Weiner v. Roof

10 Cal. 2d 450 | Cal. | 1937

10 Cal.2d 450 (1937)

THEODORE WEINER, Respondent,
v.
J. B. ROOF et al., Defendants; CITIZENS NATIONAL TRUST AND SAVINGS BANK OF LOS ANGELES (a National Banking Association), Appellant.

L. A. No. 15349.

Supreme Court of California. In Bank.

December 29, 1937.

Chandler, Wright & Ward and John F. Gilbert for Appellant.

Don Marlin and Isador Gralla for Respondent.

WASTE, C.J.

This is an action for the rescission of a contract and for the recovery of money paid thereunder. It appears that J. B. Roof, Inc., a corporation, agreed to purchase a tract of land from one Connolly and to subdivide and sell the same. Pursuant thereto title was conveyed to The Farmers and Merchants National Bank of Los Angeles, as trustee under a subdivision trust, Connolly and the Roof company being the beneficiaries of the trust. The Roof *452 company acted as sales agent and the trustee executed all contracts of sale and collected the sale prices of the lots. On November 19, 1927, plaintiff and respondent entered into a contract with the trustee bank to purchase lot 109, described in the complaint, for the sum of $3,500. Certain payments were made thereunder. Subsequently the contract was assigned by the trustee bank to the appellant bank and thereafter plaintiff paid $1890 to the latter bank as part of the purchase price. Later, upon discovering the falsity of certain representations made prior to and at the time of the execution of the contract by the selling agent, the Roof company, which representations were an inducing factor in the execution of the contract, plaintiff gave notice of his election to rescind. Judgment was entered herein decreeing a rescission of the contract and awarding respondent $3,807.01, with interest, against J. B. Roof and J. B. Roof, Inc., jointly and severally, and $1890 against the appellant bank, as trustee, the latter amount representing the aggregate of the payments made by respondent to the appellant bank, which alone has appealed.

[1] Respondent's right to rescind is not here questioned. In its assault upon the monetary judgment entered against it, the appellant bank in its several briefs, and the respondent by way of answer thereto, advance many arguments and contentions in an effort to establish or define the relationship borne one to the other by the several parties to the transaction.
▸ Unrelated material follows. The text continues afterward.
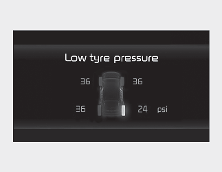 When the tyre pressure monitoring system warning indicators are illuminated and warning message displayed on the cluster LCD display, one or more of your tyres is significantly under-inflated. The low tyre pressure position telltale light will indicate which tyre is significantly under-inflated by illuminating the corresponding position light.
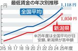 2025年度の最低賃金(時給)が改定され、10月から順次、全国の都道府県で適用が始まりました。新潟県は985円から65円引き上げられ、初めて1000円を超え1050円となり、2日に適用されました。引き上げ額は最低賃金を時給で示すようになった02年度以降で最大。ただ、それでも新潟の最低賃金は全国平均の1121円(加重平均)を下回り、全国中位止まりです。では、近隣県や関東と比べると、どのようなランクにあるのでしょう?厚生労働省の公表データから読み解いてみました。

We find it unnecessary to definitely determine their status other than to state that the appellant was properly described in the judgment as "trustee" if for no other reason than that the contract assigned to it expressly declared that appellant's assignor and predecessor in interest was not the "beneficial owner of the property" but that it "simply holds legal title to said premises for the purpose of protecting the beneficial owner of the property" and other designated purposes. In other words, the appellant, assignee, had knowledge of the existence of the trust and took subject thereto.

[2] Subsequent to the trial of this cause we handed down our decision in the case of Speck v. Wylie, 1 Cal.2d 625 [36 PaCal.2d 618, 95 A.L.R. 760]. As a limitation upon the rule theretofore announced in Gridley v. Tilson, 202 Cal. 748 [262 P. 322], to the effect that a principal was bound *453 only by the representations embodied in a written contract when it was provided therein that the agent's authority went no further, we held in Speck v. Wylie, supra, that an innocent principal so contracting with another may relieve himself of liability in deceit for the fraud of his agent, but is nevertheless subject to rescission on the part of the defrauded party. This rule proceeds upon the theory that an innocent principal so contracting may not be permitted to enrich himself by reason of his agent's fraud and that any property received by such principal is held by him as a constructive trustee for the person defrauded.

[3] This doctrine has application here. The fact that respondent's written contract to purchase a lot contained a clause restricting the representations to those therein set forth, did not preclude the respondent under the foregoing rule, from rescinding the contract for the false representations of the selling agent and recovering the money paid thereunder from the principal or any trustee to whom the same had been paid. However, inasmuch as the rule in Speck v. Wylie, supra, is grounded upon unjust enrichment, and was announced subsequent to the trial of this cause, we are of the view that the appellant, as trustee of the money paid to it by respondent, should be afforded the opportunity of showing, as it asserts it can, that it has paid over to the beneficial owner the money for which judgment has been taken against it. Such a showing, if made, will disclose that the appellant, an innocent party to the fraud, has not been unjustly enriched and will preclude the entry of a monetary judgment against it under the rule mentioned.

That portion of the judgment awarding plaintiff $1890 as against the appellant Citizens National Trust and Savings Bank, as trustee, is reversed, with directions to the court below to permit said appellant if it be so inclined, to offer evidence as to the disposition of the money paid to it by the respondent, and the court is further directed, upon such showing being made, to make its findings and enter judgment as between said two parties in conformity with the views herein expressed.

Edmonds, J., Langdon, J., Seawell, J., and Shenk, J., concurred.